» Problem details: Retype all of the listing exactly, with no pictures.

» Input data:
--*--

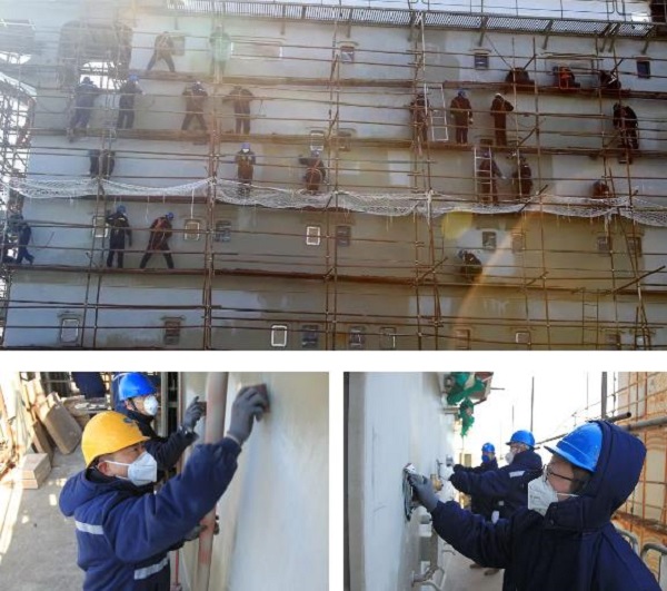 为确保该船按期实现试航节点,大船集团山船重工先后组织150余名党员干部投入到该船生活区外板拉毛工程中。党员们根据所分配的区域,站在十几米高的脚手架上,手里拿着磨砂纸,一点一点地磨,一块一块地蹭,不放过每个细节。
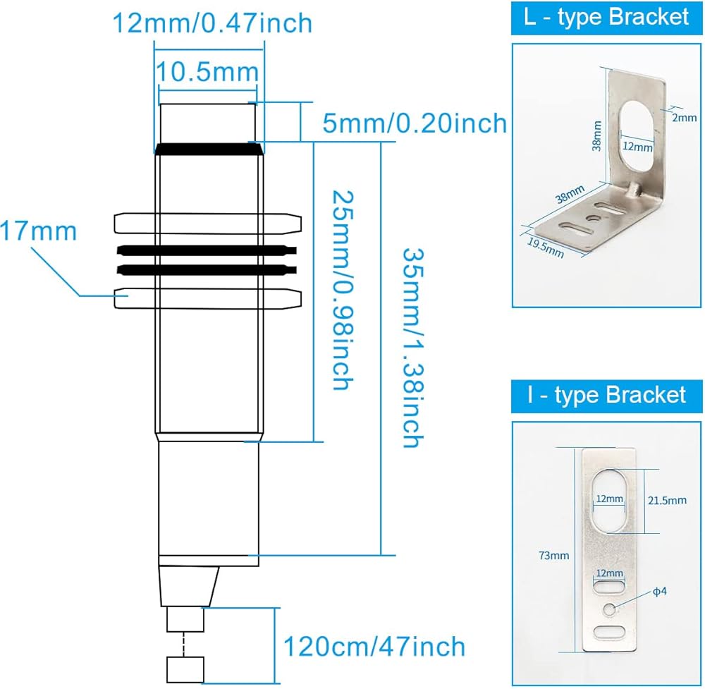 • Package Content: 2 pcs NPN NO 4mm inductive proximity switch; 2 pcs I-type bracket; 2 pcs L-type bracket.
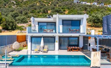 Kaş Gökseki Bölgesinde 2 Yatak Odalı 4 Kişilik Panoramik Deniz Manzaralı, Hamam Sauna Ve Jakuzili Tatil Villası.
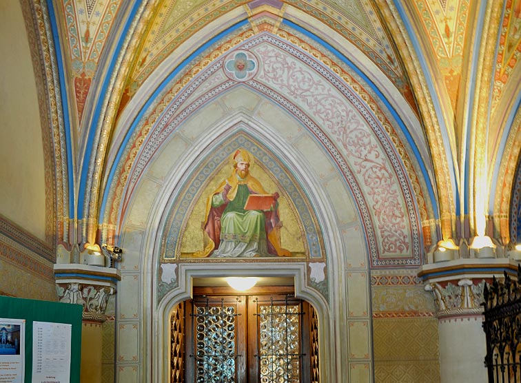 „Wer ist der Heilige da?“, fragt Tobias. „Ich weiß es leider nicht“, muss ich gestehen: „Aber ich werde mich schlau machen, mein Schatz. Ich denke, es könnte der hl. Augustinus sein – so mit Bischofsmütze, Buch und Feder.“ „Und das wäre hier im Augustinerstift ja auch noch sehr passend“, sagt Tobias: „Wenn gerade er die Menschen am Eingang der Stiftskirche begrüßen würde.“

--*--

» Finished task:
 为确保该船按期实现试航节点,大船集团山船重工先后组织150余名党员干部投入到该船生活区外板拉毛工程中。党员们根据所分配的区域,站在十几米高的脚手架上,手里拿着磨砂纸,一点一点地磨,一块一块地蹭,不放过每个细节。
 • Package Content: 2 pcs NPN NO 4mm inductive proximity switch; 2 pcs I-type bracket; 2 pcs L-type bracket.
 Kaş Gökseki Bölgesinde 2 Yatak Odalı 4 Kişilik Panoramik Deniz Manzaralı, Hamam Sauna Ve Jakuzili Tatil Villası.
 „Wer ist der Heilige da?“, fragt Tobias. „Ich weiß es leider nicht“, muss ich gestehen: „Aber ich werde mich schlau machen, mein Schatz. Ich denke, es könnte der hl. Augustinus sein – so mit Bischofsmütze, Buch und Feder.“ „Und das wäre hier im Augustinerstift ja auch noch sehr passend“, sagt Tobias: „Wenn gerade er die Menschen am Eingang der Stiftskirche begrüßen würde.“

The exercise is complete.